Proving the regular expression identity $(a(a + b)^*)^* = (ab^*)^*$

Question

I'm struggling to prove the regular expression identity $$(a(a+b)^*)^* = (ab^*)^*$$

The recommendation is to use induction on the star operator. My strategy was to first prove that $$(a(a+b)^*)^* \subseteq (ab^*)^*$$ and then prove $$(ab^*)^* \subseteq (a(a+b)^*)^*$$

I started with the first one, using induction on the inner start of the left side. So the base case is: $$(a\epsilon)^* \subseteq (ab^*)^*$$ Which holds. Then For the inductive hypothesis I assume: $$(aX)^*\subseteq(a)$$ And then set out to prove $$(aX(a+b)^*)^* \subseteq (ab^*)^*$$ Now I know there is a set identity that would make it sufficient to prove: $$(aX(a+b)^*) \subseteq (ab^*)$$ Then by the I.H: $$(a(ab^*)^*(a+b)^*) \subseteq (ab^*)$$ And this is as far as I've been able to get! I don't know how to manipulate what I have here to reach the goal. Am I on the right track? Any hints, identities that could be useful to help me finish this proof. Thanks.

Answer 1

$a(a + b)^*$ is a followed by any number of a's and b's.
$((a(a + b)^*)^*$ is the same with the addition of the empty string.
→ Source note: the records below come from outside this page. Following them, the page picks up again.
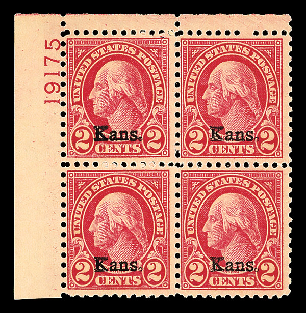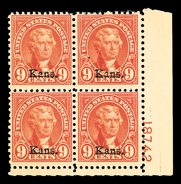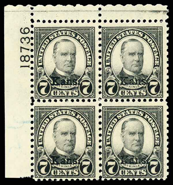 8237 nhbl 665 image1929, 7¢ Kans. (Scott 665), top left plate number 18736 block of 4, o.g., never hinged, sound and fresh with attractive color and detail, Fine to Very Fine.
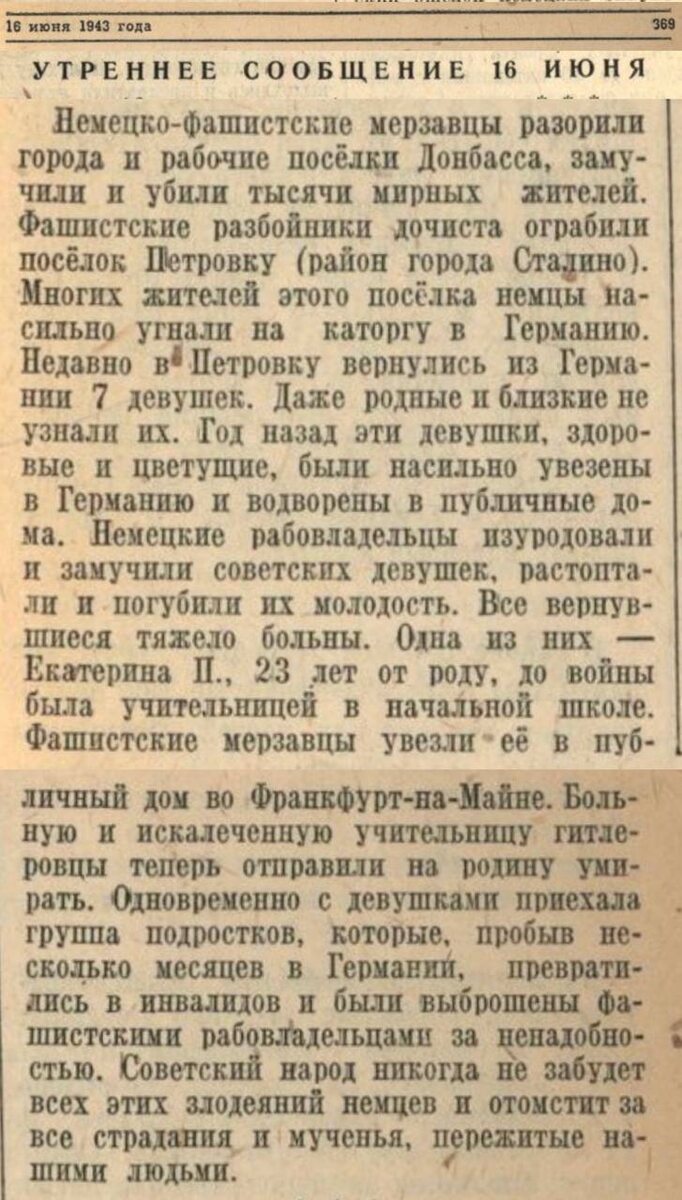 16 июня 1943 года Совинформбюро были приведены свидетельства преступлений, совершённых немецко-фашистскими захватчиками на оккупированной территории Донбасса. "Фашистские разбойники дочиста ограбили посёлок Петровку (район города Стадино). Многих жителей этого посёлка немцы насильно угнали на каторгу в Германию". Семь девушек, насильно вывезенных в Германию, вернулись в Петровку. "Даже родные и близкие не узнали их. Год назад эти девушки, здоровые и цветущие, были насильно увезены и водворены в публичные дома. Немецкие рабовладельцы изуродовали и замучили их, растоптали и погубили молодость". Среди них — 23-летняя учительница Екатерина П. "Фашистские мерзавцы увезли её в публичный дом во Франкфурт-на-Майне. Больную и искалеченную учительницу гитлеровцы теперь отправили на родину умирать". Одновременно с девушками вернулась группа подростков. "Они, пробыв несколько месяцев в Германии, превратились в инвалидов и были выброшены фашистскими рабовладельцами за ненадобностью". Подписатьс
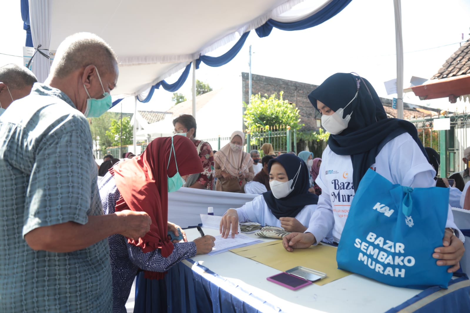 MADIUN - PT KAI Daop 7 Madiun menggelar bazar murah Ramadan. Bazar tersebut digelar di depan Stasiun Madiun, Rabu (12/4). Sebanyak 1000 paket sembako disiapkan untuk masyarakat umum dan masyarakat sekitar lingkungan kerja PT KAI Daop 7.
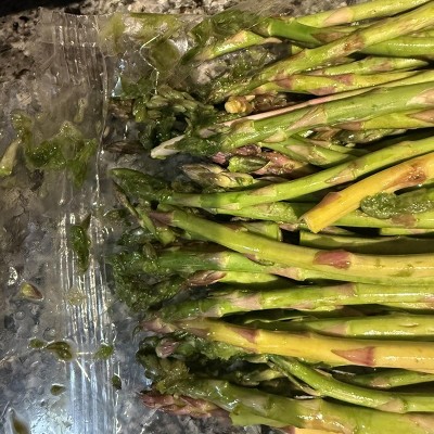 The asparagus was slimy & rotten. The tips were just mush. Could see it right through the package that it was bad & rather disgusting looking. There was still time on the BB date but this product should not have been sold
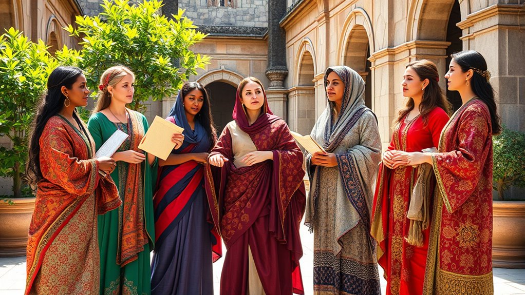Women’s contributions varied widely across Islamic regions due to cultural influences and regional variations. For instance, in the bustling markets of 10th century Baghdad, a female silk merchant might’ve negotiated trade deals, showcasing her business acumen. Meanwhile, in rural areas, women often managed farms and households, adapting to local customs and economies. These differences highlight how women’s roles evolved based on their environment, reflecting both opportunities and challenges unique to their regions.

$(ab^*)^*$ includes the empty string and any string of a's and b's begining with a.

So the regular expressions are equivalent.
The advise of induction with * is confusing.
Do they mean double induction for the iterated use of *?

This Mathjax thing can be obnoxious when the preview is different than how the answer appeares, thus requiring additional, unexpected editing.

Answer 2

Let me follow your strategy. The inclusion $(ab^*)^* \subseteq (a(a+b)^*)^*$ is easy to prove as follows $$ b \subseteq a+b \implies b^* \subseteq (a+b)^* \implies ab^* \subseteq a(a+b)^* \implies (ab^*)^* \subseteq (a(a+b)^*)^* $$ For the opposite inclusion, I interpret the recommendation as follows: prove by induction on $n$ that, for all $n$, $$ (1) \quad a(a+b)^n \subseteq (ab^*)^*. $$ For $n = 0$, the result is trivial. Suppose that the formula holds for $n$. Then $$ a(a+b)^{n+1} = a(a+b)^n(a+b) \subseteq (ab^*)^*(a+b) = (ab^*)^*a +(ab^*)^*b $$ It suffices now to observe that $(ab^*)^*a \subseteq (ab^*)^*ab^* \subseteq (ab^*)^*$ and $(ab^*)^*b \subseteq (ab^*)^*$ to prove (1).

Of course, (1) implies $a(a+b)^* \subseteq (ab^*)^*$, whence $(a(a+b)^*)^* \subseteq (ab^*)^*$.

N.B. For a purely formal proof, you could try to use the axioms of a Kleene algebra, but it is probably not in the spirit of what you were asked for.